Translate

Wednesday, May 27, 2026

Chapter 15 - A Boy Waving

 

15

 

            The bus had slowed near a small village where the road narrowed between mud houses, buffaloes, and uneven electric poles leaning slightly as if tired from standing too long.

 

            Afternoon sunlight rested lazily upon the village. Women washed utensils near hand pumps. A barber sat beneath a neem tree waiting for customers. Somewhere a radio played an old song drowned occasionally by tractor noise.

 

            And then I saw him.  A small village boy.  Barefoot.  Thin.  Hair untidy from wind and dust.
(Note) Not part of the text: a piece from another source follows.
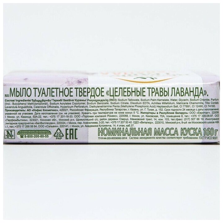 Туалетное мыло Целебные травы "Лаванда" 160 г 7546679
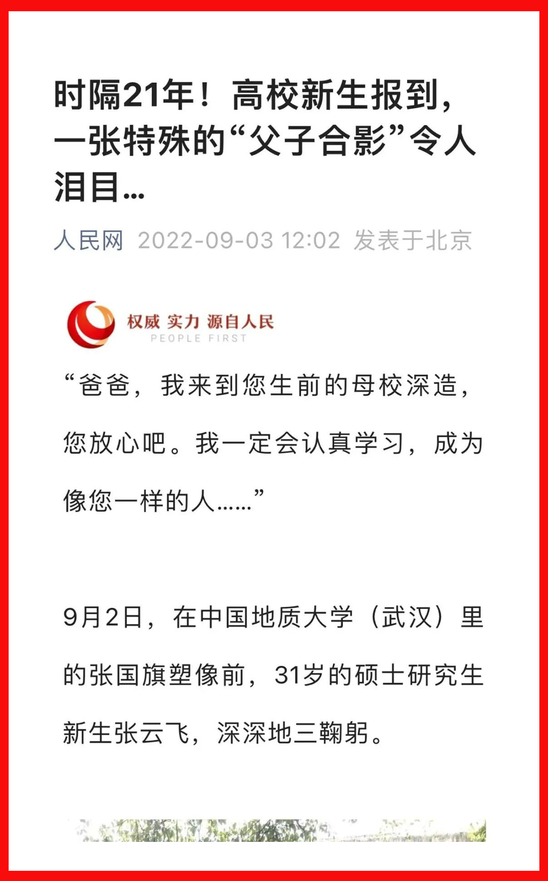 “爸爸,我来到您生前的母校深造,您放心吧。我一定会认真学习,成为像您一样的人……”

Standing near the roadside with the excitement of someone waiting for a festival.

 

            The moment the bus approached, his face lit up.  Not because he knew anyone inside.  Not because someone promised him anything.  Simply because the bus existed.  And before the bus could even cross him, the child began waving both hands wildly toward the windows.  With complete sincerity.  With complete joy.  With complete faith that somebody inside would wave back.

 

            Some passengers ignored him.  Some remained busy on their phones.  A few smiled faintly.  One old man near the front window lifted his hand slowly and waved back.

 

            The boy’s happiness doubled immediately.  Children do not need expensive reasons to become happy.  A returned smile is enough.  A small acknowledgment becomes a celebration.

 

            The bus moved ahead, but the boy kept waving until dust covered him completely.  And strangely, something inside me became silent after seeing him.  Because suddenly I was no longer sitting inside that bus as an old retired soldier and writer.

 

            I had returned to childhood.

 

            There are certain scenes in life that do not merely remind us of memories.  They unlock forgotten rooms inside the heart.  That waving child opened one such room within me.

 

            When I was a small boy, our army quarters stood near a traffic road because my father was also in the army.  Army quarters have a different atmosphere altogether.  Discipline walks even in silence there.  Morning whistles.  Boot sounds.  Uniforms drying in sunlight.  Children playing among bicycles and military trucks.  And behind our quarters ran a busy road where buses passed daily.

 

            I used to sit near the window with iron bars and wait.  Not for relatives.  Not for gifts.  Not for anything specific.  Just for buses. 

 

            Children are strange observers of movement.  A passing bus feels like the entire world travelling somewhere mysterious.  Whenever a bus approached, I would immediately become alert. My small hands would grip the window bars, and as the vehicle passed, I would wave enthusiastically toward complete strangers.

 

            Most people never noticed.  Some passengers looked elsewhere. But there was one bus driver…Even today I remember him though decades have passed.  Every day, almost at the same time, his bus passed our quarters.  And every day, without fail, when I waved toward him from behind those iron bars, he waved back.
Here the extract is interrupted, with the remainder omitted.